• [TRY IT]: Pictures should be left out while the data beneath this task is written out word for word.

• [GIVEN RECORDS]:

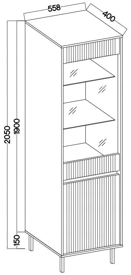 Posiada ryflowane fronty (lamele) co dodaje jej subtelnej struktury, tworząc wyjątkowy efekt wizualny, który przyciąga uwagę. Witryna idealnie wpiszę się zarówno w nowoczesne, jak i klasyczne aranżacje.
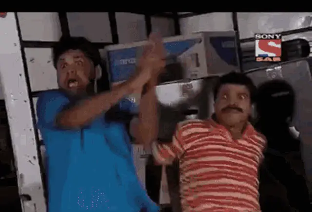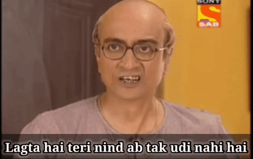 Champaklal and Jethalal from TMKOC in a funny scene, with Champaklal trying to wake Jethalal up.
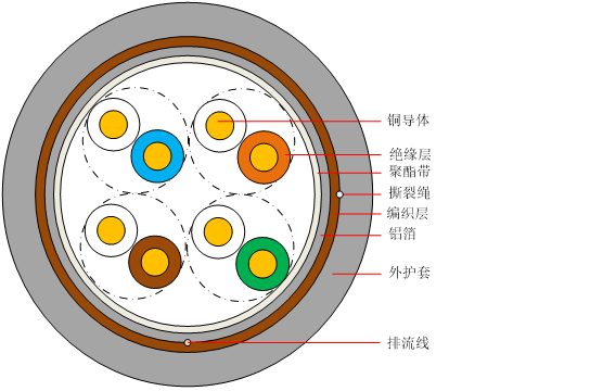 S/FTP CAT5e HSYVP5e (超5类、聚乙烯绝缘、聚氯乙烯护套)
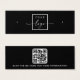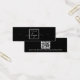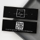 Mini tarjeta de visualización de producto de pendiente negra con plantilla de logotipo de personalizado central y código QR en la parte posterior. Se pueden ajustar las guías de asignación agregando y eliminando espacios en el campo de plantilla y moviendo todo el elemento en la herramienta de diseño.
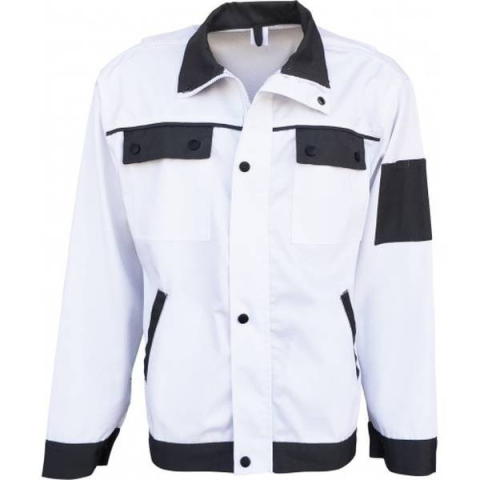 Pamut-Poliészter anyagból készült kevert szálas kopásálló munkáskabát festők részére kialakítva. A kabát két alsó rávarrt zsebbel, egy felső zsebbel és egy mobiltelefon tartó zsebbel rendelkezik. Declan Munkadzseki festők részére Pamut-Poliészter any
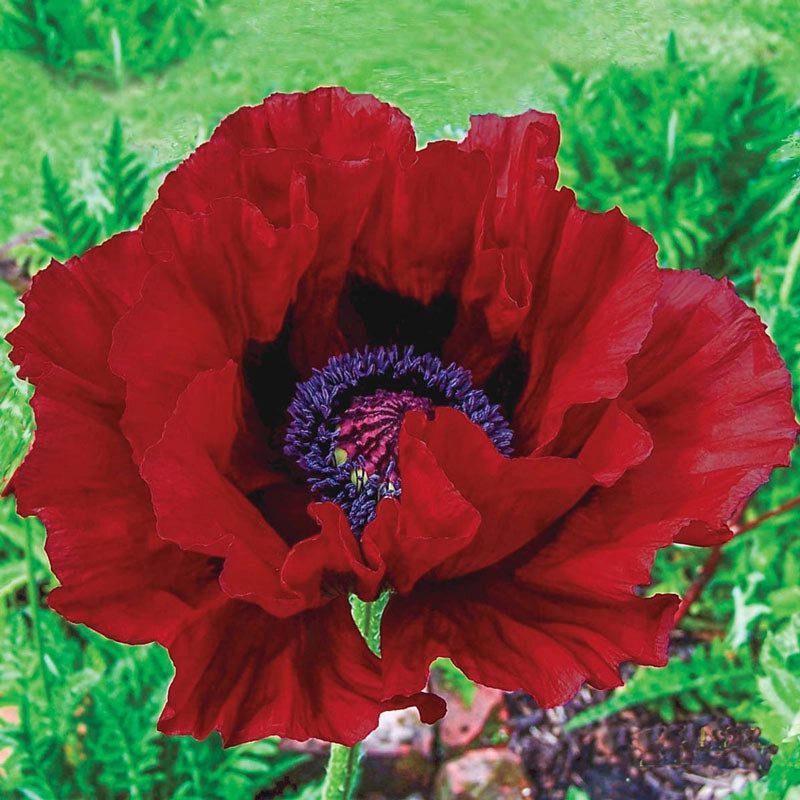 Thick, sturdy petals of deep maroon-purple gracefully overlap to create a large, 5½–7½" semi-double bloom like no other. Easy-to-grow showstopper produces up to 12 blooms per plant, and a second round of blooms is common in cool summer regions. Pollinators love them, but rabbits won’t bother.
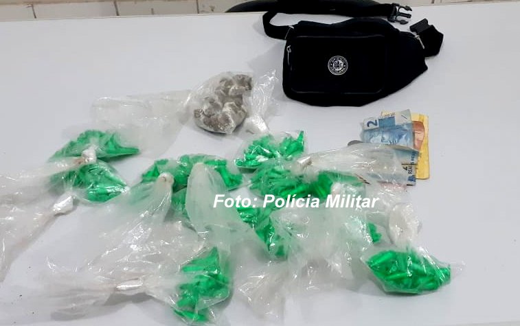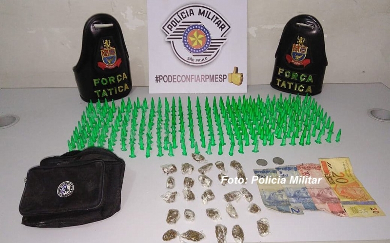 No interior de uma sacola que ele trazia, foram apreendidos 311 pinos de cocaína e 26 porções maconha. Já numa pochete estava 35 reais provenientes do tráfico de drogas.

• [RESULT]:
 Posiada ryflowane fronty (lamele) co dodaje jej subtelnej struktury, tworząc wyjątkowy efekt wizualny, który przyciąga uwagę. Witryna idealnie wpiszę się zarówno w nowoczesne, jak i klasyczne aranżacje.
 Champaklal and Jethalal from TMKOC in a funny scene, with Champaklal trying to wake Jethalal up.
 S/FTP CAT5e HSYVP5e (超5类、聚乙烯绝缘、聚氯乙烯护套)
 Mini tarjeta de visualización de producto de pendiente negra con plantilla de logotipo de personalizado central y código QR en la parte posterior. Se pueden ajustar las guías de asignación agregando y eliminando espacios en el campo de plantilla y moviendo todo el elemento en la herramienta de diseño.
 Pamut-Poliészter anyagból készült kevert szálas kopásálló munkáskabát festők részére kialakítva. A kabát két alsó rávarrt zsebbel, egy felső zsebbel és egy mobiltelefon tartó zsebbel rendelkezik. Declan Munkadzseki festők részére Pamut-Poliészter any
 Thick, sturdy petals of deep maroon-purple gracefully overlap to create a large, 5½–7½" semi-double bloom like no other. Easy-to-grow showstopper produces up to 12 blooms per plant, and a second round of blooms is common in cool summer regions. Pollinators love them, but rabbits won’t bother.
 No interior de uma sacola que ele trazia, foram apreendidos 311 pinos de cocaína e 26 porções maconha. Já numa pochete estava 35 reais provenientes do tráfico de drogas.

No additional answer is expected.